WHAT TO PRODUCE
Reproduction of part of the material below, pictures omitted: copy exactly, and only, the lines starting with the one with "matita e china" and going on through the one with "미디어아워 임다연 기자".

EXCERPTED RECORDS Start Marker

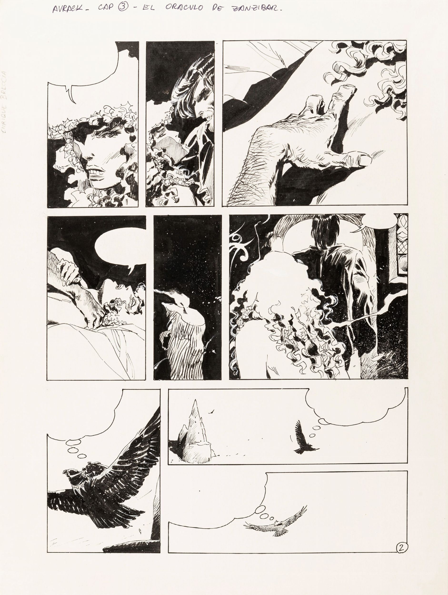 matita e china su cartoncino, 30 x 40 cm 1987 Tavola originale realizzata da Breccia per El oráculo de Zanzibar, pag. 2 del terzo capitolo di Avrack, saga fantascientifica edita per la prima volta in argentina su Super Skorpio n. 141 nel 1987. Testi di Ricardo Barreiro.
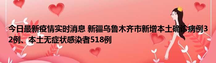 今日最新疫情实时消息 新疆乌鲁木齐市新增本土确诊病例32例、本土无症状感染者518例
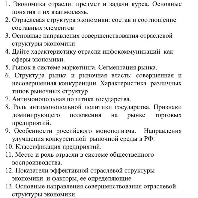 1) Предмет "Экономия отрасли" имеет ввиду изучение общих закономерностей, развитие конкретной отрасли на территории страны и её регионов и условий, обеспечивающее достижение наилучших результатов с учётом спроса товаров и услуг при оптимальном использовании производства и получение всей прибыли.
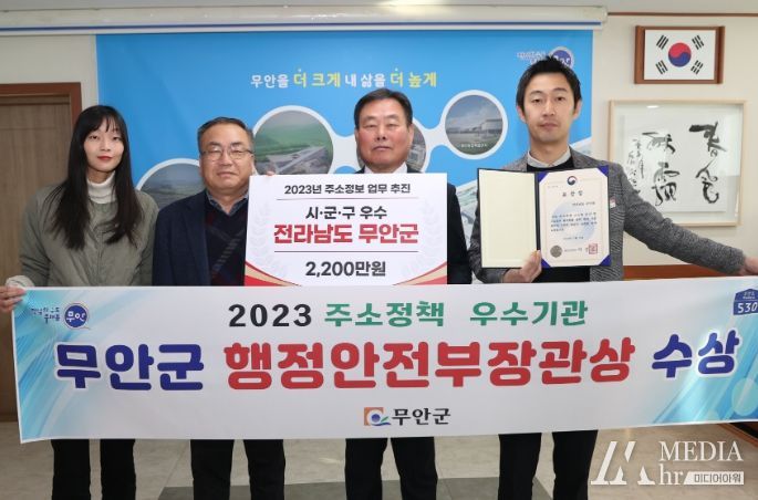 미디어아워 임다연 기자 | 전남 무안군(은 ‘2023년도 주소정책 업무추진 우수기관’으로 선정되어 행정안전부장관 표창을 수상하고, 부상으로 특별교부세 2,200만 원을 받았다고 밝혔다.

EXCERPTED RECORDS End Marker
EXCERPTED RECORDS Start Marker

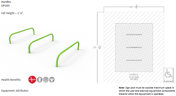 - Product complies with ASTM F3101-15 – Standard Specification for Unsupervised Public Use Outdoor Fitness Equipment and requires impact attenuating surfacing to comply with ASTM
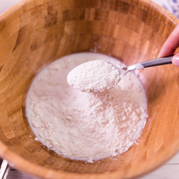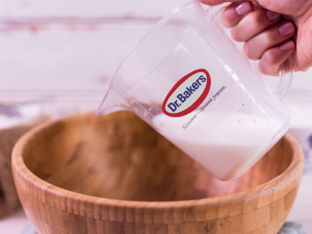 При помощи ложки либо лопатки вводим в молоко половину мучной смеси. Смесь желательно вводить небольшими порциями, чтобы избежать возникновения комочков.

EXCERPTED RECORDS End Marker
EXCERPTED RECORDS Start Marker

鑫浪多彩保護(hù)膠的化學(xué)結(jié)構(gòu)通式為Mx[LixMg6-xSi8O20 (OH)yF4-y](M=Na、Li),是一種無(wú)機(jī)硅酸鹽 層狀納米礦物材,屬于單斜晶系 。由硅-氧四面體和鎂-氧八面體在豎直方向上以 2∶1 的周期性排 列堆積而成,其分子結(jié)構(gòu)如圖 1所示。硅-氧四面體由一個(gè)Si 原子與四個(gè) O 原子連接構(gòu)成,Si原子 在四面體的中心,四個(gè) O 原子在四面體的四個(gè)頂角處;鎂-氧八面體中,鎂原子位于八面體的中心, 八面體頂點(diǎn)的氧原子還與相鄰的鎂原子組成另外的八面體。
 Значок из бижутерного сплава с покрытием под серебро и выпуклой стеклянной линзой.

EXCERPTED RECORDS End Marker

ANSWER SPACE
 matita e china su cartoncino, 30 x 40 cm 1987 Tavola originale realizzata da Breccia per El oráculo de Zanzibar, pag. 2 del terzo capitolo di Avrack, saga fantascientifica edita per la prima volta in argentina su Super Skorpio n. 141 nel 1987. Testi di Ricardo Barreiro.
 今日最新疫情实时消息 新疆乌鲁木齐市新增本土确诊病例32例、本土无症状感染者518例
 1) Предмет "Экономия отрасли" имеет ввиду изучение общих закономерностей, развитие конкретной отрасли на территории страны и её регионов и условий, обеспечивающее достижение наилучших результатов с учётом спроса товаров и услуг при оптимальном использовании производства и получение всей прибыли.
 미디어아워 임다연 기자 | 전남 무안군(은 ‘2023년도 주소정책 업무추진 우수기관’으로 선정되어 행정안전부장관 표창을 수상하고, 부상으로 특별교부세 2,200만 원을 받았다고 밝혔다.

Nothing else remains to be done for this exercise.